==== GIVEN RECORDS ====

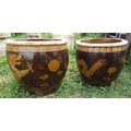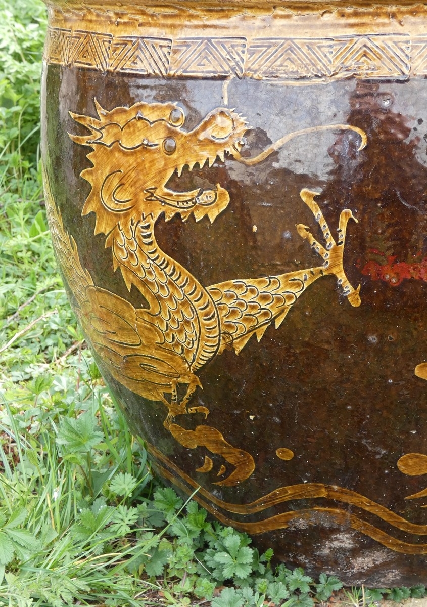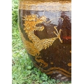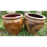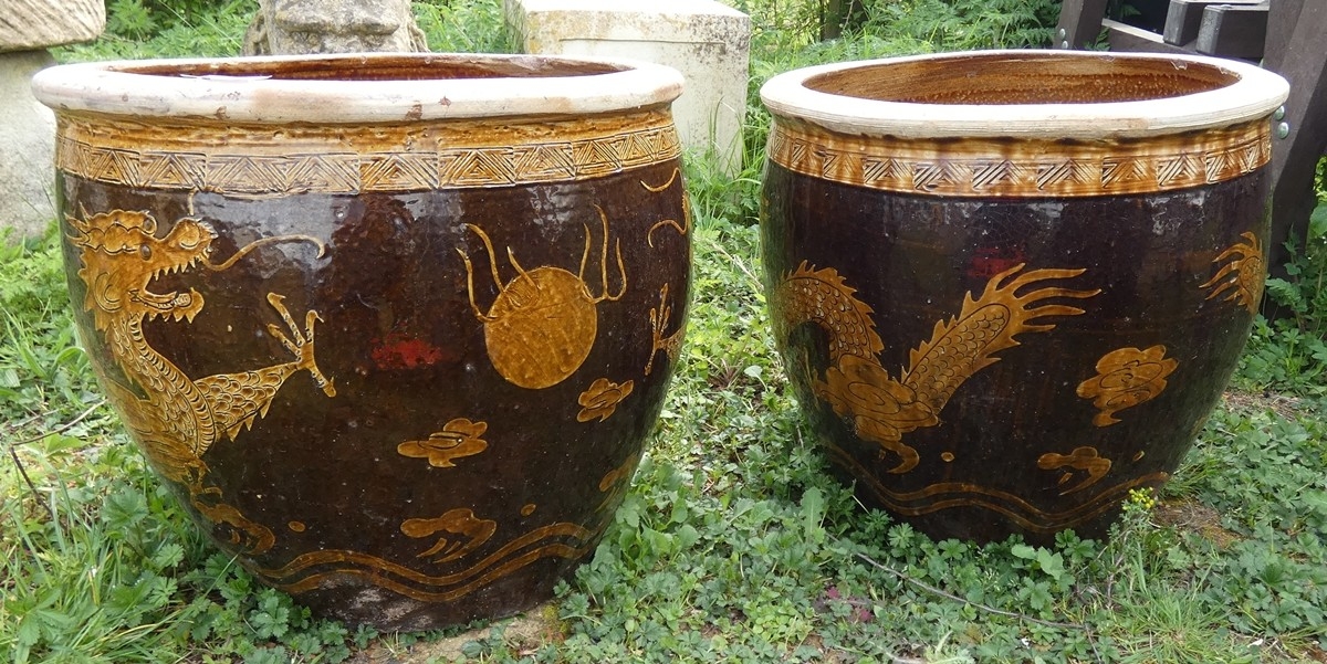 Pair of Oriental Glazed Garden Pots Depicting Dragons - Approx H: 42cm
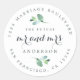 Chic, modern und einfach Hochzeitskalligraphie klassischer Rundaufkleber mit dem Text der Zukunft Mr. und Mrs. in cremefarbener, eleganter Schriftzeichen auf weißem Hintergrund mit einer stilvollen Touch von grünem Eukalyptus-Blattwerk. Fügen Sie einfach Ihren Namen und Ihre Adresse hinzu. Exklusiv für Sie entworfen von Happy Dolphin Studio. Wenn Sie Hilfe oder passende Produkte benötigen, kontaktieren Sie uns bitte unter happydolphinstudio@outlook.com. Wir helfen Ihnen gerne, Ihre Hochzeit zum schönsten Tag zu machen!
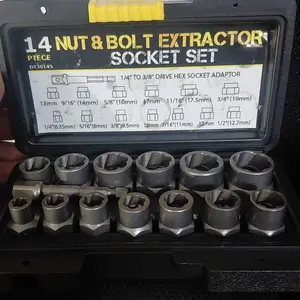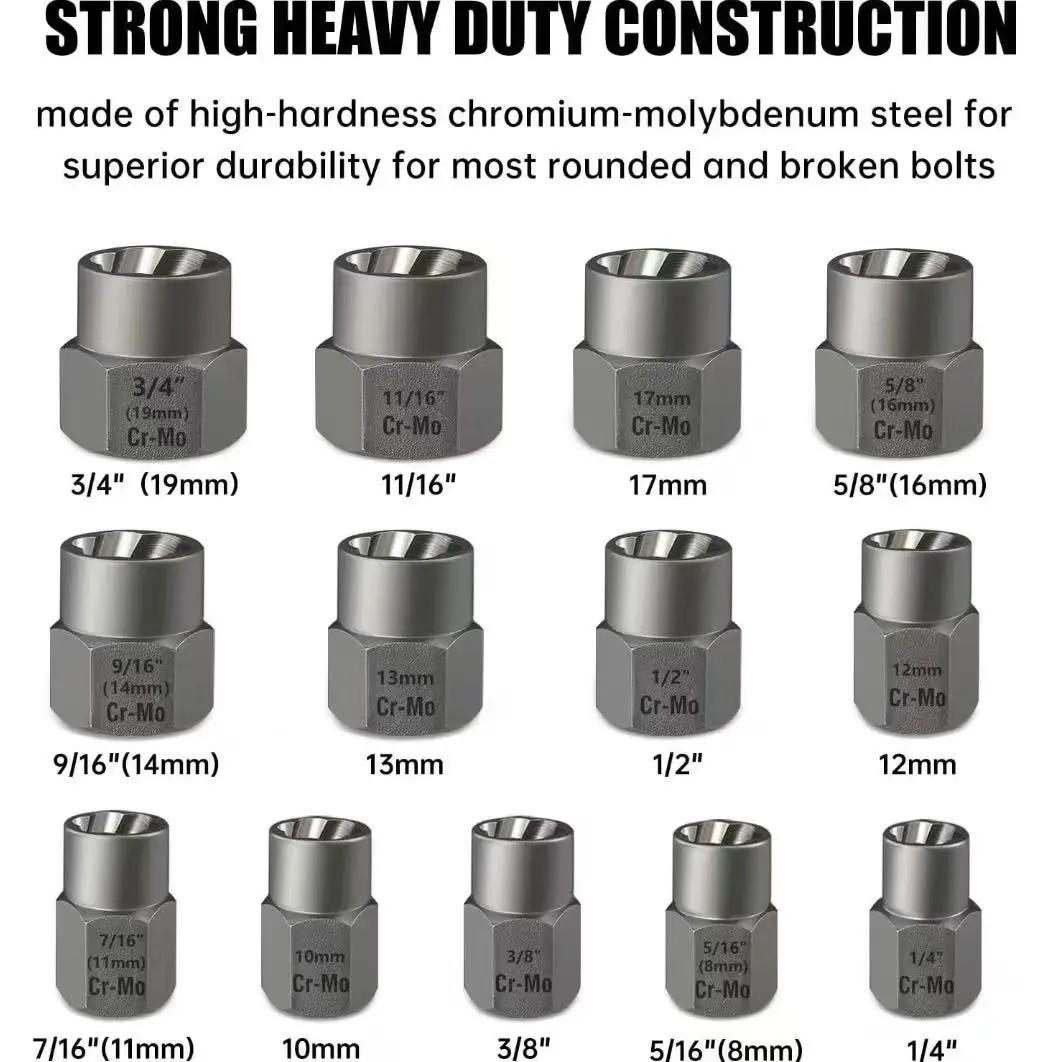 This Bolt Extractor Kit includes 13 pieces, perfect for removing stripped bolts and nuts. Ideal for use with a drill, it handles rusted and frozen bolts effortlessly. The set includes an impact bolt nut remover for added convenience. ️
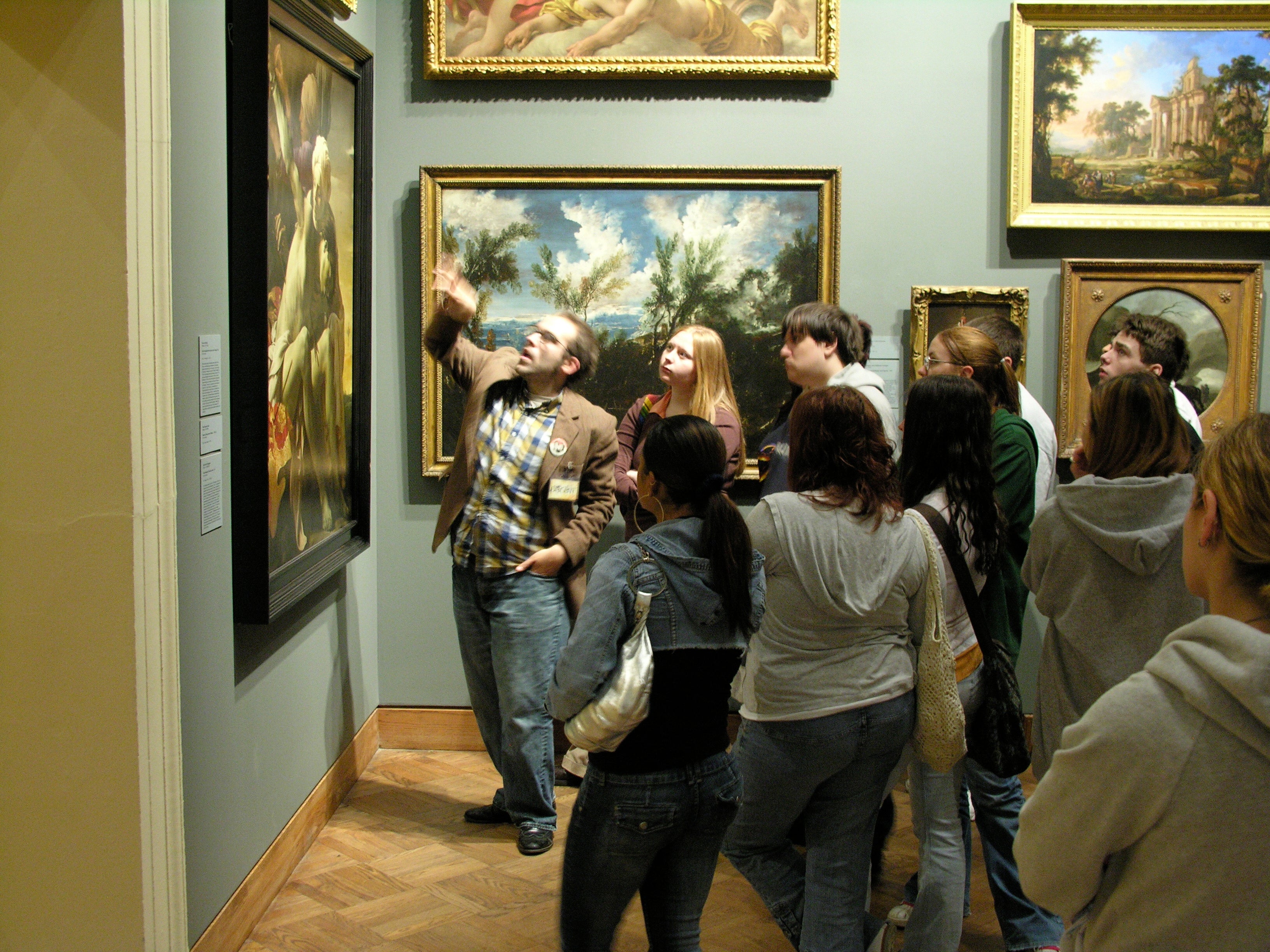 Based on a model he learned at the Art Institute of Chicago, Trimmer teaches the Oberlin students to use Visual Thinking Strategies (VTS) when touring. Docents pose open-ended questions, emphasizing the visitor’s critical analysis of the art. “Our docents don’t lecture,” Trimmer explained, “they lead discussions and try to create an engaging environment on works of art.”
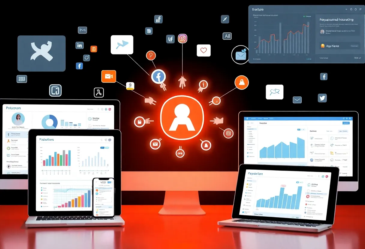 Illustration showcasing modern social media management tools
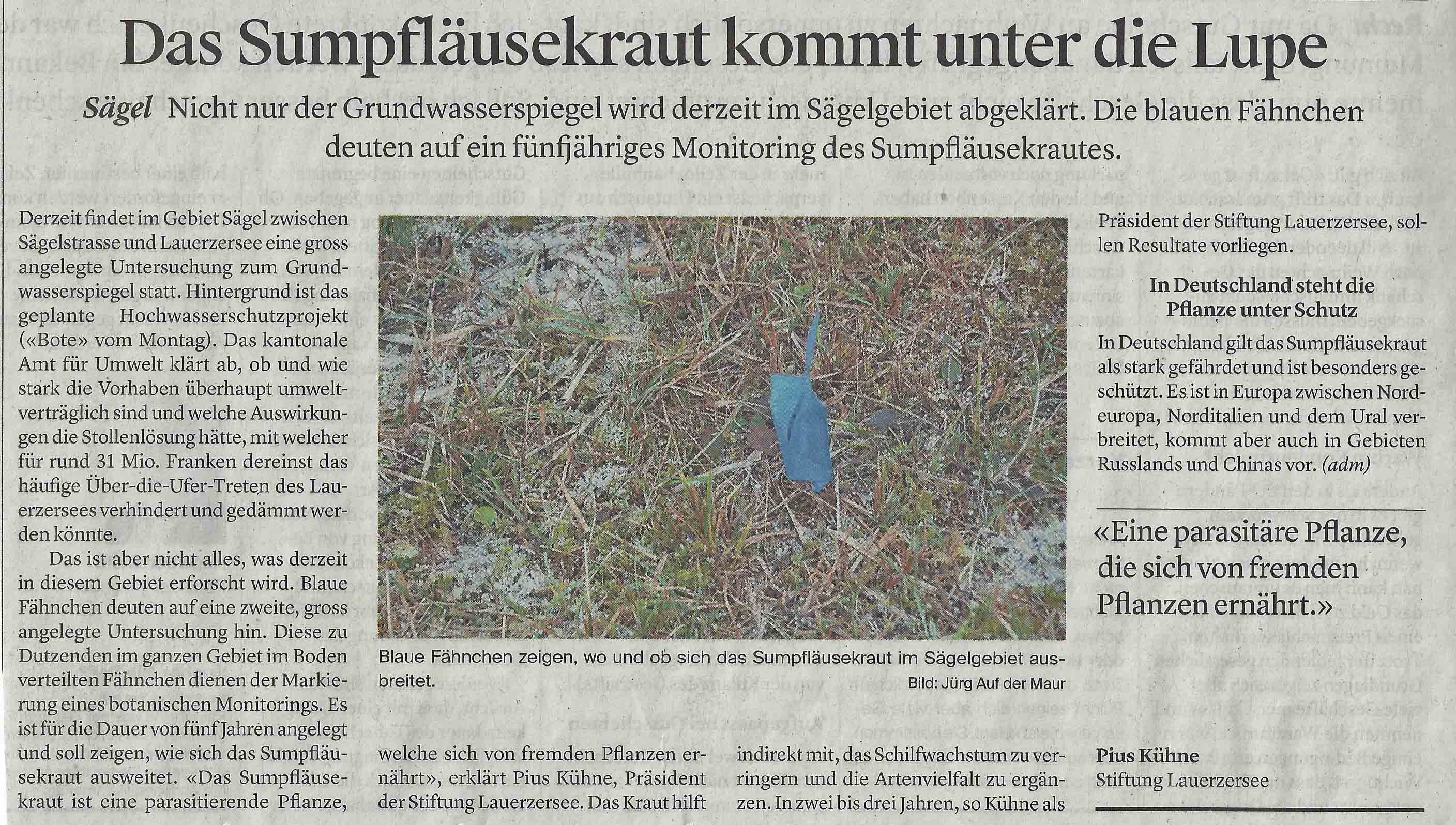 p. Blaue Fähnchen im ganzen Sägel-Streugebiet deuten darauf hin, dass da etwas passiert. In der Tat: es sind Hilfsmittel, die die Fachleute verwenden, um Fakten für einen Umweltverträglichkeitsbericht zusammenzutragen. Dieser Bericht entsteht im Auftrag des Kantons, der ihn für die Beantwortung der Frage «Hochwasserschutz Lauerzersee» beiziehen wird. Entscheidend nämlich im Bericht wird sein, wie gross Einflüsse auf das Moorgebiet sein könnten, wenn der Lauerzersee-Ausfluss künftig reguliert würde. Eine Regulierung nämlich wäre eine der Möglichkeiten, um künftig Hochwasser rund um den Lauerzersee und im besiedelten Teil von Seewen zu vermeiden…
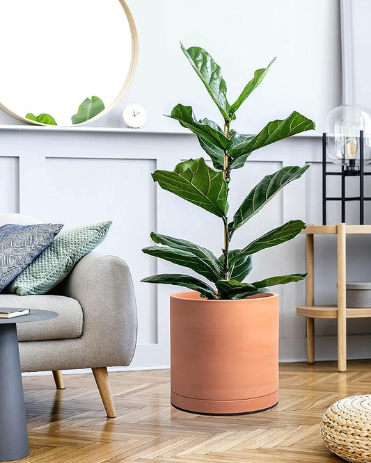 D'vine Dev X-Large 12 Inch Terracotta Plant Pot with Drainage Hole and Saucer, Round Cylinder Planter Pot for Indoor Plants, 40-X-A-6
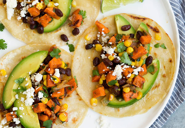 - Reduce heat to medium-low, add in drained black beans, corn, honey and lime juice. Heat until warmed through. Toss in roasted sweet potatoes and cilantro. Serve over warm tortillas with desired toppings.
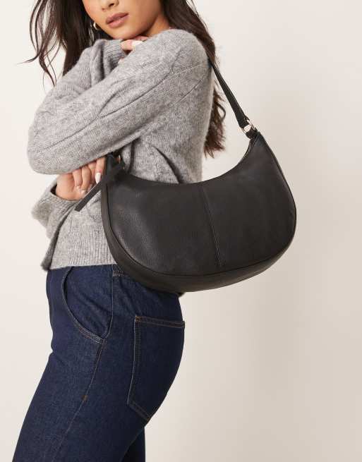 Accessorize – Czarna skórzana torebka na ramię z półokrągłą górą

====

YOUR TASK: Reproduce exactly the lines that run from the line holding "- Reduce heat" through the final line of the entries, and omit every picture.

SOLVED EXERCISE:
 - Reduce heat to medium-low, add in drained black beans, corn, honey and lime juice. Heat until warmed through. Toss in roasted sweet potatoes and cilantro. Serve over warm tortillas with desired toppings.
 Accessorize – Czarna skórzana torebka na ramię z półokrągłą górą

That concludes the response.